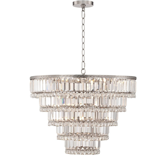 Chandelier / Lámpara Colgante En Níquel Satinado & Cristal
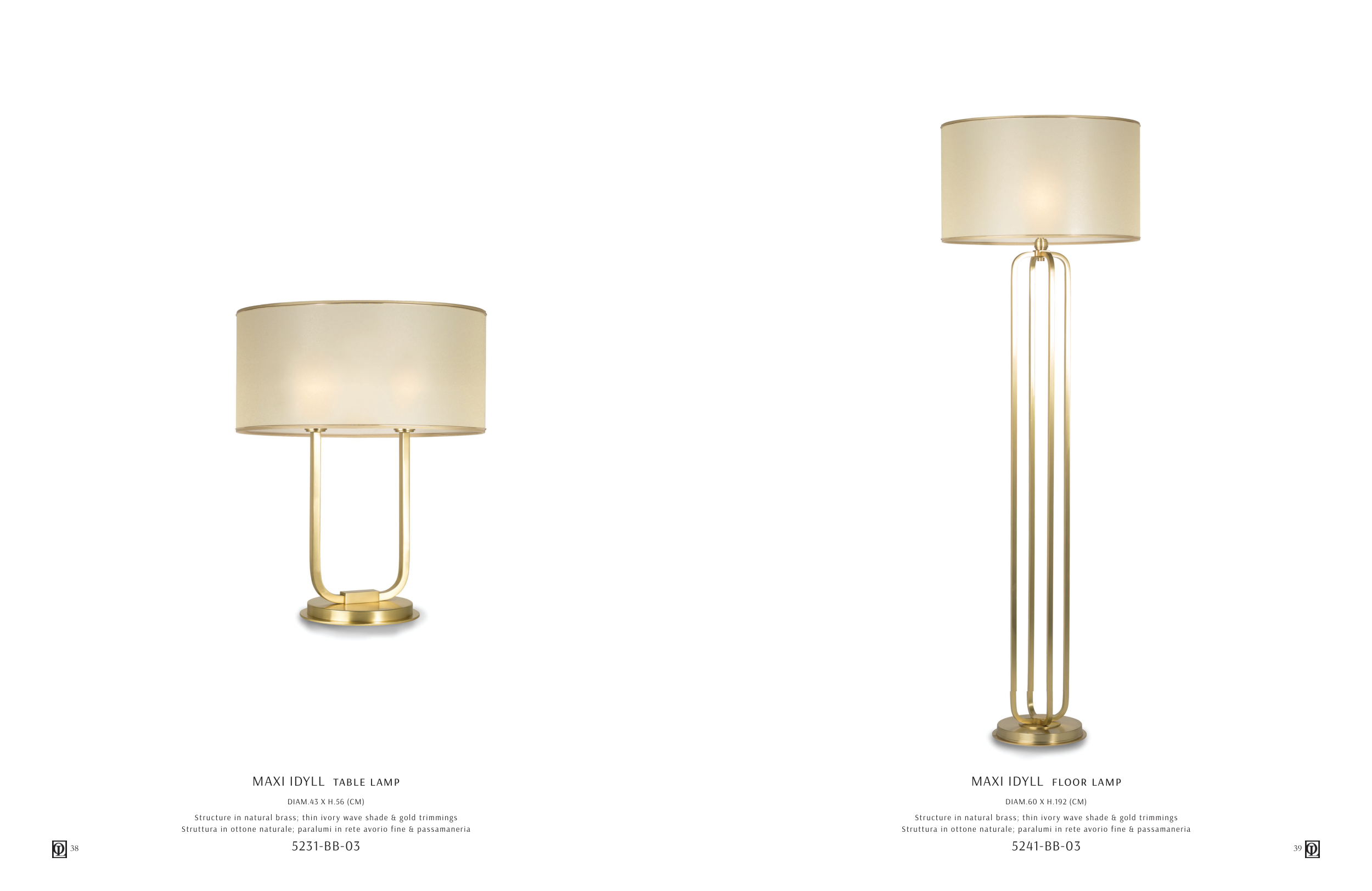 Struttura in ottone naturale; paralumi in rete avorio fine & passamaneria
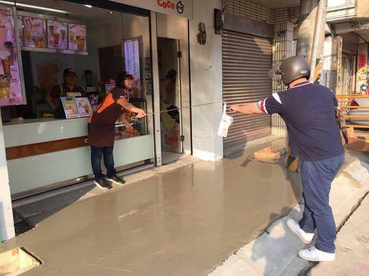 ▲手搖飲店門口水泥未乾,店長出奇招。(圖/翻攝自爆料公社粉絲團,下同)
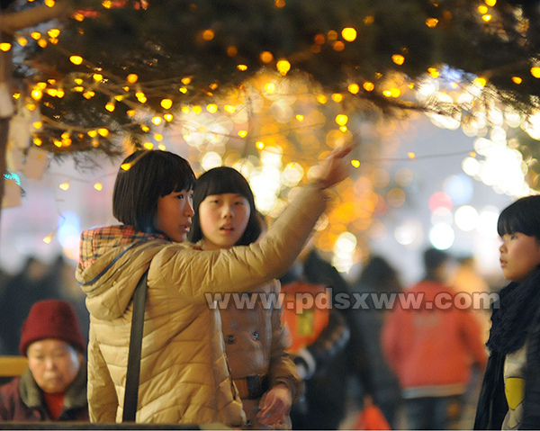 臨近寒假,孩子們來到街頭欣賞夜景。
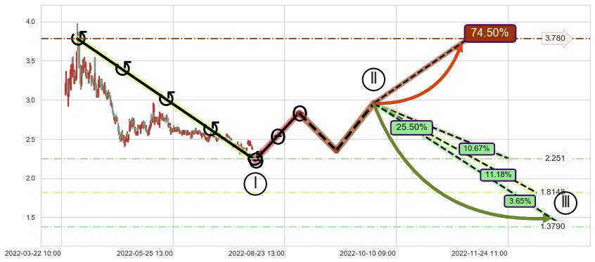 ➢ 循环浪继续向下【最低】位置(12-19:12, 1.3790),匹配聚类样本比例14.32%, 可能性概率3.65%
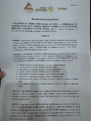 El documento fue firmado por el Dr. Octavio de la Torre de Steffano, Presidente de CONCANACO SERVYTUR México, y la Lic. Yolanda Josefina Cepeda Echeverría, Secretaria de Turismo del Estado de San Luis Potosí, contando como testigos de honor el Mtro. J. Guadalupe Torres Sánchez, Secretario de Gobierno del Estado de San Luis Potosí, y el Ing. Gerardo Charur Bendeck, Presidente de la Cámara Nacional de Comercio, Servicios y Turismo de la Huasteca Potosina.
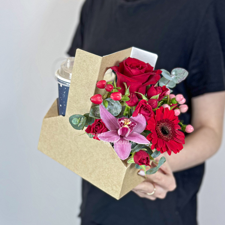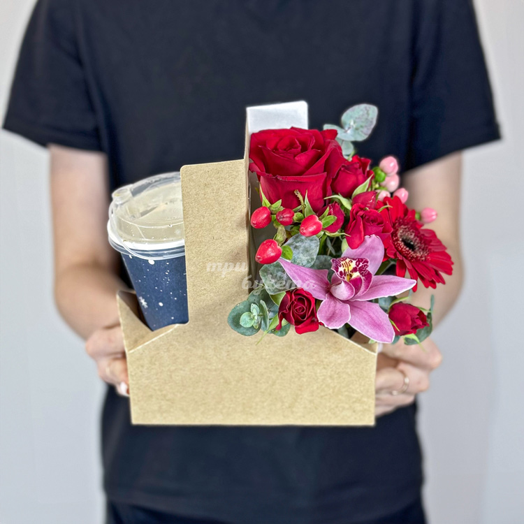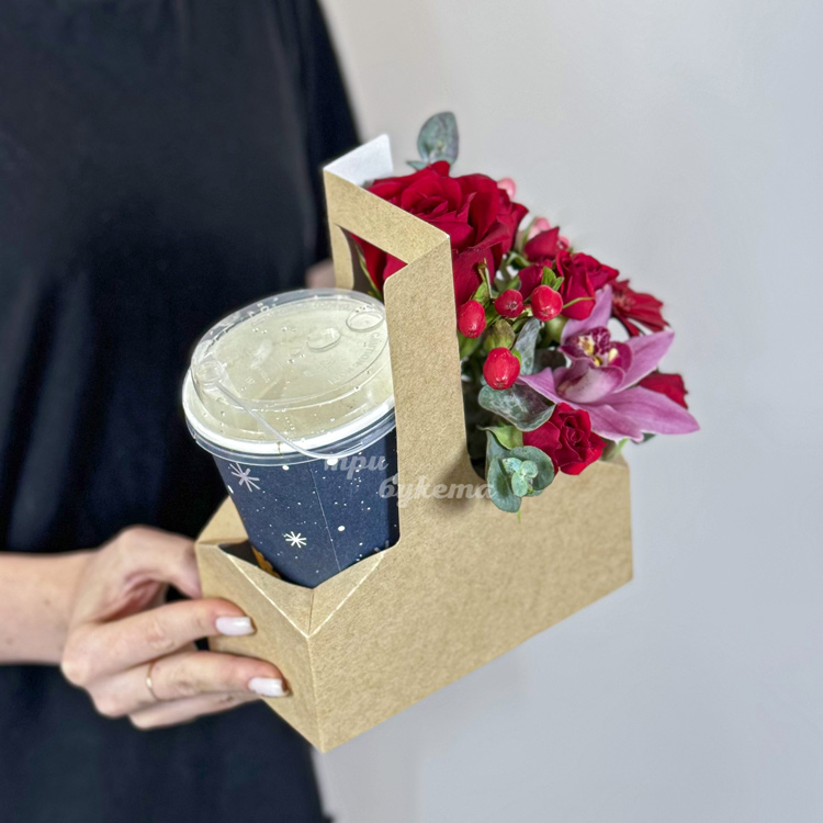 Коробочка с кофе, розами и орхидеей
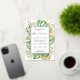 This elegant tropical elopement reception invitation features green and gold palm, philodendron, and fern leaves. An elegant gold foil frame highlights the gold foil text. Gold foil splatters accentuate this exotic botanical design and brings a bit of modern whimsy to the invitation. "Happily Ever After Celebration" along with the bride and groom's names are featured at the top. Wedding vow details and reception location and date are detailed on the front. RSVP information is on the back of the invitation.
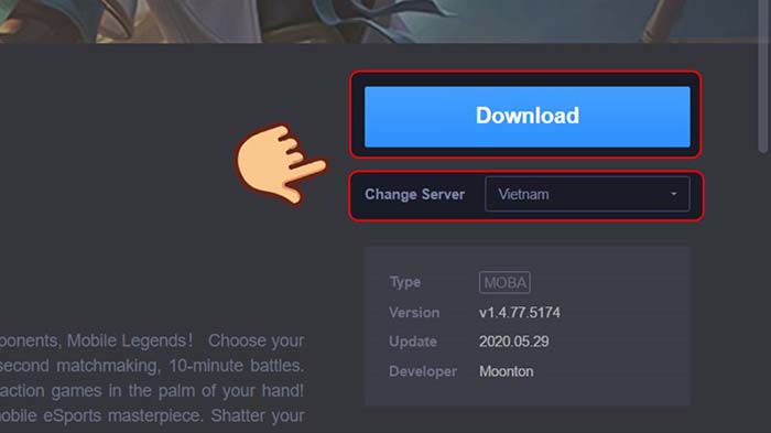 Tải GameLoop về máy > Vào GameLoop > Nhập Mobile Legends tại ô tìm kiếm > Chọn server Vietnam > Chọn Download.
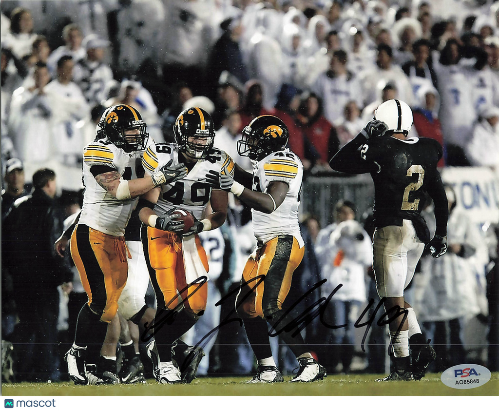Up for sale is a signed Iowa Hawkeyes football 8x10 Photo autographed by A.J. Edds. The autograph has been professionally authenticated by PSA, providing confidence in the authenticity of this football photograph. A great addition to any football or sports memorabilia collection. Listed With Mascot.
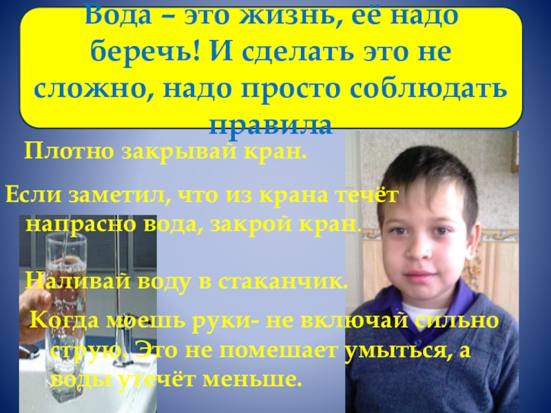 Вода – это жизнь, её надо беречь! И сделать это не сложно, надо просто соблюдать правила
----------
[WHAT TO PRODUCE] Leaving out all pictures, print exactly the lines above from the one containing "Коробочка с кофе, розами и орхидеей" through the last line of the entries.

[SOLUTION TO THIS TASK]
 Коробочка с кофе, розами и орхидеей
 This elegant tropical elopement reception invitation features green and gold palm, philodendron, and fern leaves. An elegant gold foil frame highlights the gold foil text. Gold foil splatters accentuate this exotic botanical design and brings a bit of modern whimsy to the invitation. "Happily Ever After Celebration" along with the bride and groom's names are featured at the top. Wedding vow details and reception location and date are detailed on the front. RSVP information is on the back of the invitation.
 Tải GameLoop về máy > Vào GameLoop > Nhập Mobile Legends tại ô tìm kiếm > Chọn server Vietnam > Chọn Download.
Up for sale is a signed Iowa Hawkeyes football 8x10 Photo autographed by A.J. Edds. The autograph has been professionally authenticated by PSA, providing confidence in the authenticity of this football photograph. A great addition to any football or sports memorabilia collection. Listed With Mascot.
 Вода – это жизнь, её надо беречь! И сделать это не сложно, надо просто соблюдать правила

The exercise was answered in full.